Personal information
- Full name: Rudolph David Anstead
- Born: 2 June 1876 Wisbech, Cambridgeshire, England
- Died: 6 January 1962 (aged 85) Bishop's Stortford, Hertfordshire, England
- Batting: Unknown
- Bowling: Unknown
- Relations: Walter Anstead (father)

Domestic team information
- 1897–1899: Cambridgeshire
- 1921/22: Europeans

Career statistics
| Competition | First-class |
| Matches | 1 |
| Runs scored | 4 |
| Batting average | 2.00 |
| 100s/50s | –/– |
| Top score | 4 |
| Balls bowled | 30 |
| Wickets | 0 |
| Bowling average | – |
| 5 wickets in innings | – |
| 10 wickets in match | – |
| Best bowling | – |
| Catches/stumpings | 1/– |
- Source: Cricinfo, 18 July 2019

= Rudolph Anstead =

English cricketer

Rudolph David Anstead (2 June 1876 – 6 January 1962) was an English first-class cricketer.

The son of the cricketer Walter Anstead, he was born in June 1876 at Wisbech. He was educated at Giggleswick School, before going up to Christ's College, Cambridge. He played minor counties cricket for Norfolk from 1897-99, making eleven appearances in the Minor Counties Championship. After studying natural sciences at Cambridge, he graduated in 1899. He worked as an analyst at a chemical plant at Hull in 1899-1900, before working as a researcher in a government laboratory at Bridgetown, Barbados from 1900-05, which included working for the Imperial Department of Agriculture in the British West Indies. From 1905-09, was the agricultural superintendent for the Botanical Gardens, Grenada. From 1909, he relocated to British India, where he worked as a scientific officer for the United Planters Association of Southern India until 1920. He served as the deputy director of planting districts in Coimbatore in 1920, before serving as the director of agriculture at the Madras Agricultural Department from 1922-33.

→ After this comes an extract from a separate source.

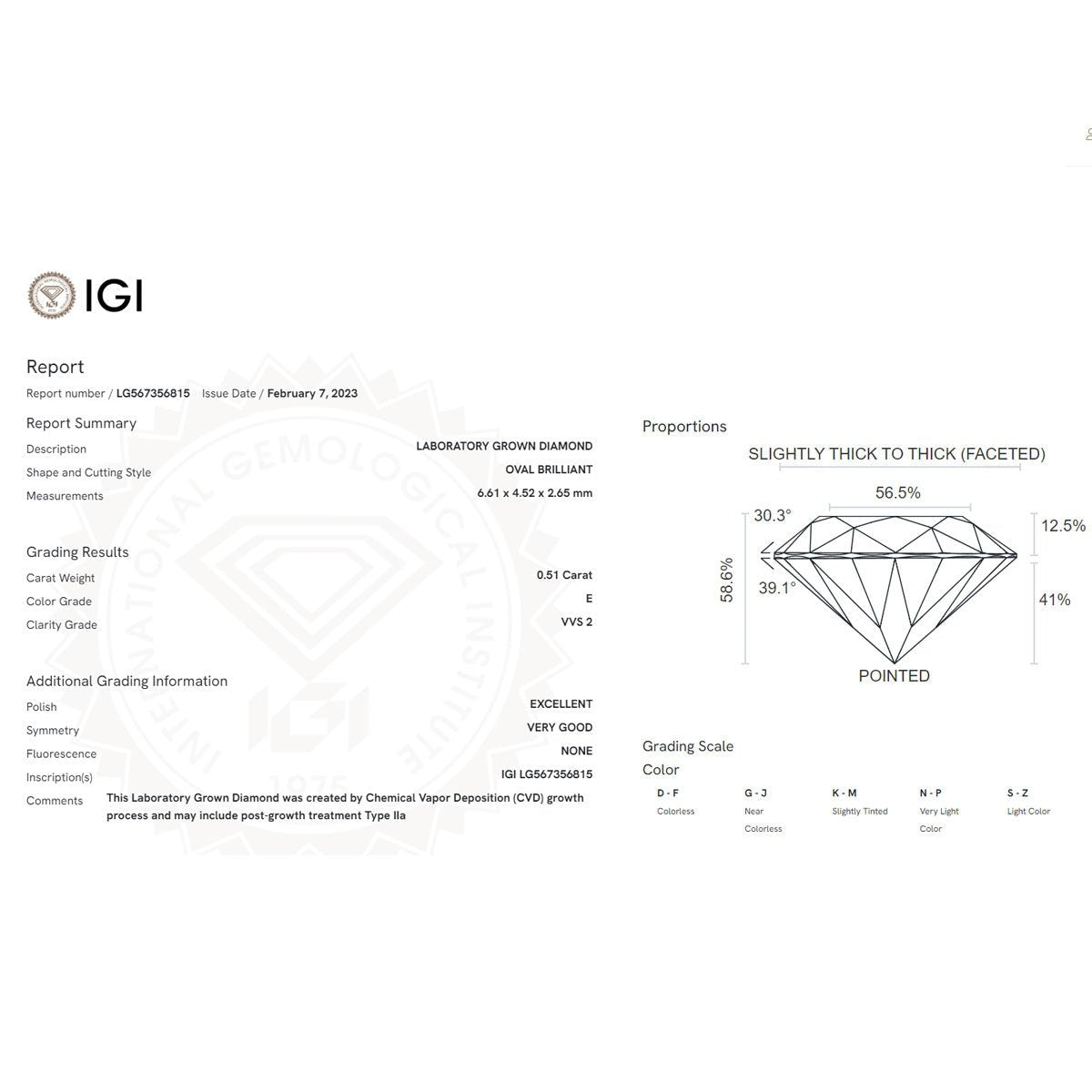 Enchanting and versatile, this 0.51ct E,VVS2 Oval Shape Lab Grown Diamond can be paired with a variety of metal settings, such as platinum or gold, to create a unique and personalized piece of jewelry. Whether it adorns an engagement ring, necklace, or any other cherished accessory, this diamond is sure to make a lasting impression and become a symbol of both style and sustainability.

While in British India, he made a single appearance in first-class cricket for the Europeans cricket team against the Indians in 1921–22 Madras Presidency. Batting twice in the match, he was dismissed for 4 runs in the Europeans first-innings by Lakshmanan Rao, while in their second-innings he was dismissed without scoring by T. Vasu Nayudu. He was a fellow at the University of Madras and was made a Companion of the Order of the Indian Empire in the 1927 New Year Honours. He retired in 1931 and returned to England, where he died at Bishop's Stortford in January 1962.